Kazuki1450/Qwen3-1.7B-Base_csum_6_10_tok_State_1p0_0p0_1p0_grpo_42_rule is a 2 billion parameter language model fine-tuned from Qwen/Qwen3-1.7B-Base with a 40960 token context length. This model was trained using the GRPO method, which is designed to enhance mathematical reasoning capabilities. It is suitable for tasks requiring advanced logical and mathematical problem-solving, building upon the base Qwen3 architecture.
Loading preview...
Overview
This model, Kazuki1450/Qwen3-1.7B-Base_csum_6_10_tok_State_1p0_0p0_1p0_grpo_42_rule, is a fine-tuned version of the 2 billion parameter Qwen/Qwen3-1.7B-Base model. It leverages a substantial context length of 40960 tokens, making it capable of processing extensive inputs.
Key Training Details
The model was trained using the GRPO (Gradient-based Reward Policy Optimization) method, as introduced in the paper "DeepSeekMath: Pushing the Limits of Mathematical Reasoning in Open Language Models" (arXiv:2402.03300).

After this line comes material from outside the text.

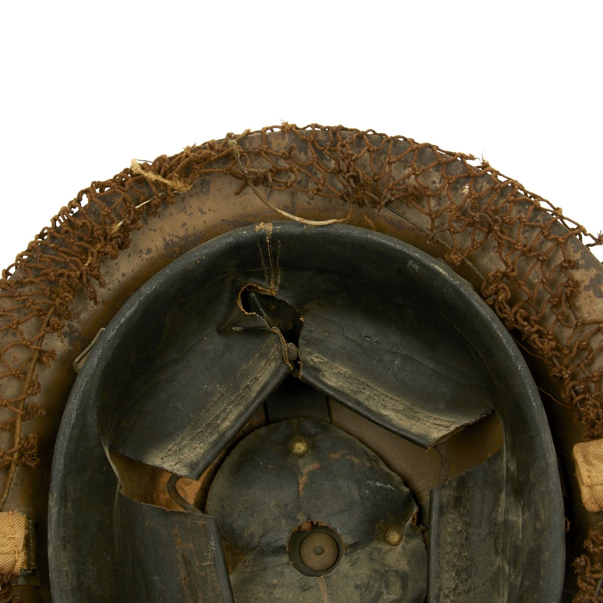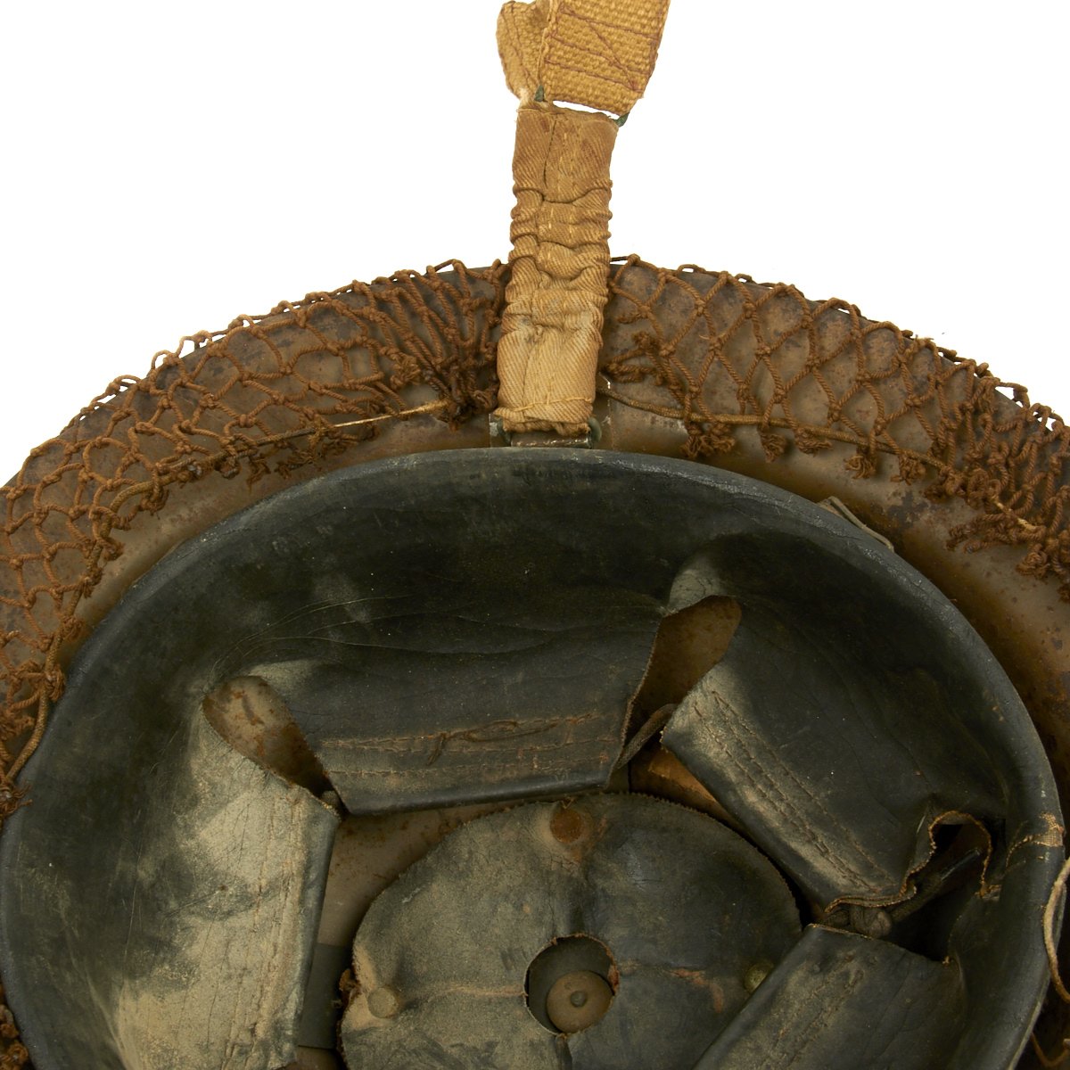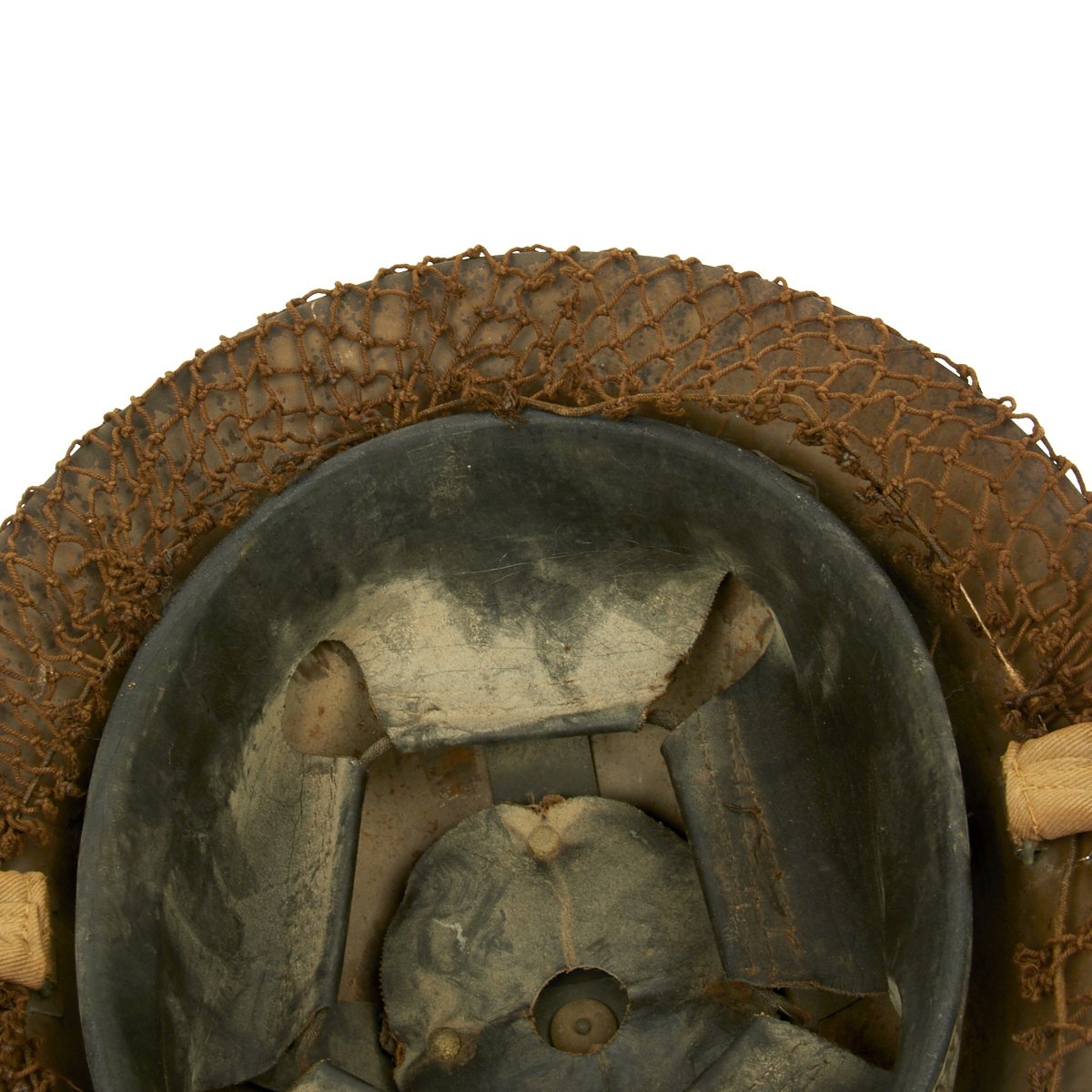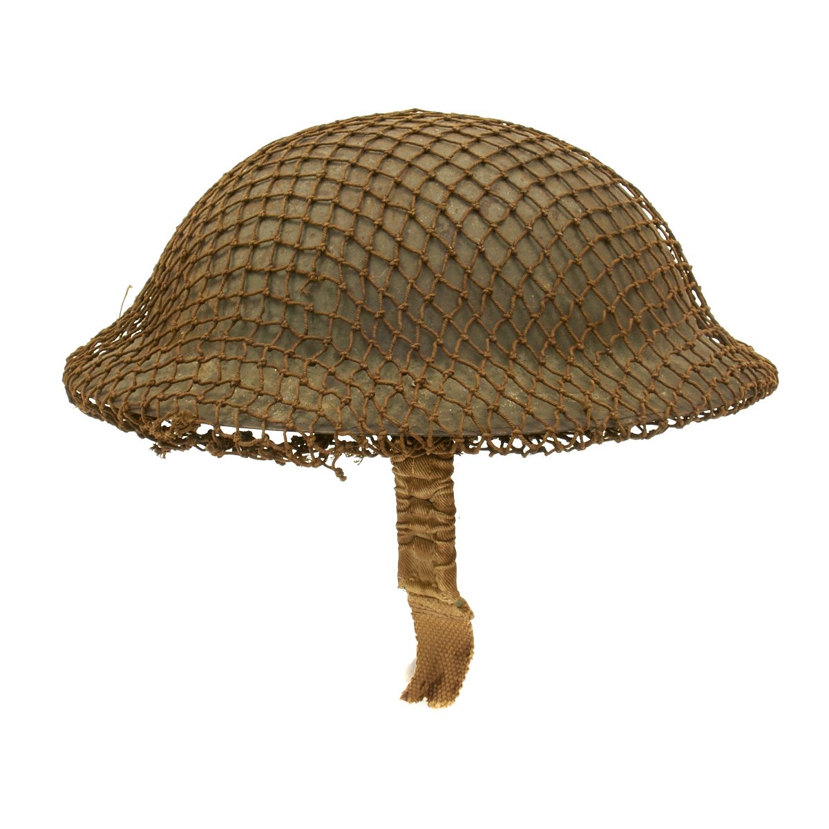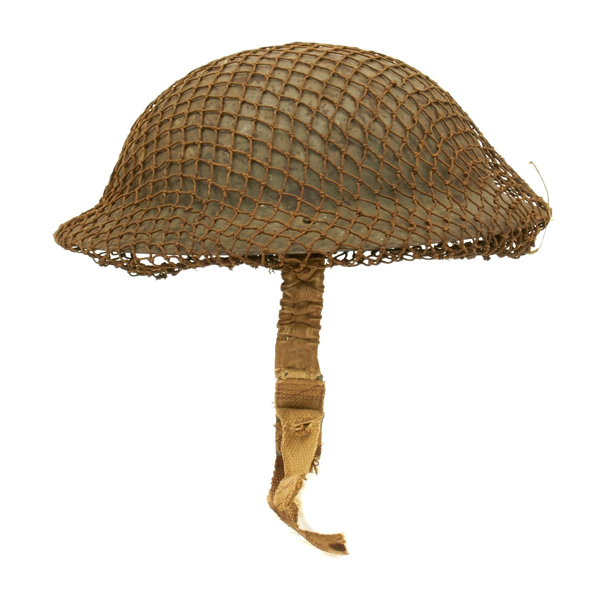 Original Item: Only One Available. This is an great example of a genuine Australian Mark II steel helmet that is dated 1940 on the shell, and 1939 on the liner, and comes complete with a brown helmet net, held on by a wire-reinforced tie string. The stamping on the underside of the rim reads:

This training approach suggests an optimization for tasks that benefit from enhanced mathematical and logical reasoning.
Frameworks Used
Training was conducted using the TRL library, with specific versions including:
- TRL: 0.23.0
- Transformers: 4.57.1
- Pytorch: 2.7.1+cu128
- Datasets: 4.4.1
- Tokenizers: 0.22.1
Potential Use Cases
Given its fine-tuning with the GRPO method, this model is likely well-suited for applications requiring:
- Mathematical problem-solving
- Logical reasoning tasks
- Complex question answering where numerical or logical deduction is critical
Developers can quickly get started with text generation using the provided transformers pipeline example.